Lead Data Architect
Karsun Solutions · Herndon, VA · 1 mo ago
Engineering$160k–$190k/yrFull-time
About the role
The Lead Data Architect at Karsun Solutions will design, build, and operate enterprise data platforms that power GenAI and AI/ML use cases. This role is highly technical and hands-on, focusing on data platform architecture, end-to-end data engineering, ML/LLM pipeline design, production model onboarding, and delivery of scalable Databricks-centric solutions across cloud environments.
Responsibilities
- Architect and implement enterprise data platforms (batch + streaming) optimized for ML, LLMs, and GenAI workloads.
- Lead design and hands-on implementation of Databricks workspaces, Unity Catalog, Delta Lake design patterns, cluster policies, and performance tuning.
- Build and own end-to-end data pipelines (ingest, transform, feature engineering, serving) using PySpark, Databricks Jobs, Spark SQL, Delta Lake, and orchestration tools.
- Design and operationalize model training, fine tuning (LLM), evaluation, deployment, and monitoring pipelines (MLOps/RAG/CAG) integrating Databricks MLflow, CI/CD, and infra-as-code.
- Implement vectorless and vectorization/embedding pipelines, vector store integrations, and retrieval layers for RAG (FAISS, Pinecone, Weaviate, Milvus).
- Define data schemas, governance, lineage, access controls, and data product APIs; implement Unity Catalog or equivalent for centralized governance.
- Drive cost/performance optimization for storage, compute (spot/preemptible), and query patterns.
- Collaborate with engineers, data scientists, product owners, and security to translate business needs into production GenAI solutions.
- Mentor and lead engineering teams; conduct architecture reviews, code reviews, and run technical deep dives.
- Create reproducible experiment tracking, model registry, and rollout strategies (canary, shadow testing, rollback).
- Stay current on GenAI/LLM architectures and evaluate/introduce new tooling and frameworks.
Requirements
- Bachelor's or Master's degree in Computer Science, Computer Engineering, Information Technology, or a related field.
- 8+ years of hands-on experience in data engineering/platform architecture; 3+ years in an architect or lead role.
- Active AWS Certified Machine Learning – Specialty certification.

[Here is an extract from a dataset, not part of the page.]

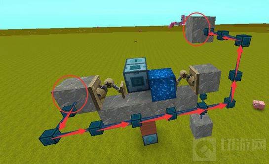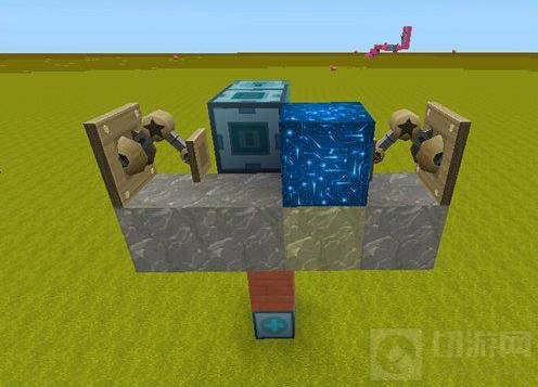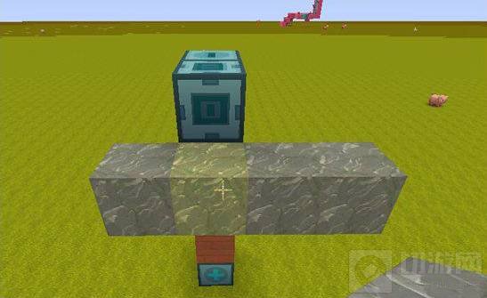 4.在滑动方块的后方往下一格的位置放上横着的四个岩石,这个是用来放机械臂和电石块的,控制滑动方块的通电情况; 注意:四个岩石不能和滑动方块放在同一水平上,要往下一格。

- Proven, hands-on Databricks experience (designing workspaces, Delta Lake, performance tuning, productionizing Spark jobs).
- Strong Spark + PySpark expertise and experience with Databricks Runtime.
- Deep experience with ML/LLM pipelines and operationalizing models (training, fine tuning, serving).
- Practical experience with vector embeddings, semantic search, and RAG architectures.
- Solid Python expertise and common ML libraries (PyTorch, TensorFlow, Hugging Face transformers) and MLflow.
- Cloud platform experience (AWS strongly preferred).
- Experience with containerization and orchestration while leveraging open source libraries for unstructured and structured data processing, serving/inference.
- Strong SQL skills; experience with distributed query/warehouse systems and parquet/AVRO/Delta formats.
- Certified in CI/CD and infra-as-code experience (Terraform, GitOps, Jenkins/GitHub Actions/GitLab CI).
- Data governance, security, and IAM experience; experience implementing row/column level access controls and data lineage.
- Demonstrated ability to design for scalability, reliability, and cost efficiency.
Preferred Qualifications
- Prior experience with Databricks Unity Catalog, Photon, and Databricks SQL.
- Experience integrating Databricks with vector databases (Pinecone, neo4j) and retrieval frameworks (LangChain, LlamaIndex).
- Familiarity with AWS Bedrock or other managed LLM services.
- Experience with realtime streaming (Kafka, Kinesis) and stream processing on Databricks Structured Streaming.
- Experience with large-scale ETL frameworks and tools (Airflow, Prefect).